In 1938, Lange was promoted to SS-Untersturmfűhrer and in 1939 he joined Einsatzgruppe VI which consisted of about 150 men who, following the invasion of Poland, followed on behind the army and became a mobile killing unit.

As part of his duties, Lange was ordered to build a concentration camp at Poznan. This became known as KZ Fort VII and for a very short time, Lange was its commander. Once the camp was up and running, Lange moved on. Lange was ordered, possibly by Heinrich Himmler, to visit mental asylums in Poland and to kill inmates as part of the ‘euthanasia’ programme introduced by the Nazis.
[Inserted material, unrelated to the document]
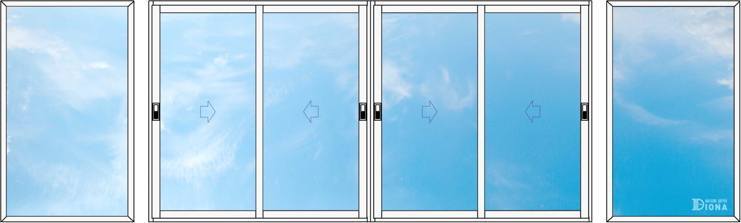 Конструкция: алюминиевый раздвижной профиль "PROVEDAL" ("Проведал")

For this work, Lange used a mobile gas chamber. At one mental home in Owinska, between September and December 1939, 1,100 people were murdered by Lange’s group. At the Koscian mental home, 3,334 were murdered between January and February 1940. Just over 1100 were murdered at three other mental homes in Poland.

Lange’s effectiveness in organising these murders was highly regarded by the SS hierarchy. He was promoted to SS-Obersturmfűhrer in April 1940 and in December 1941, he was appointed as the first commandant of the Chelmno extermination camp. He held this position until February 1942 when he was dismissed from this post. He went to Berlin where he worked at the Reich’s Main Security Office. In 1944, he was involved in the investigations that took place after the July Bomb Plot. His work in this was so highly regarded that he was promoted to SS-Sturmbannfűhrer.

Lange was killed during the Battle of Berlin – many sources agreeing that his death occurred on April 20th 1945.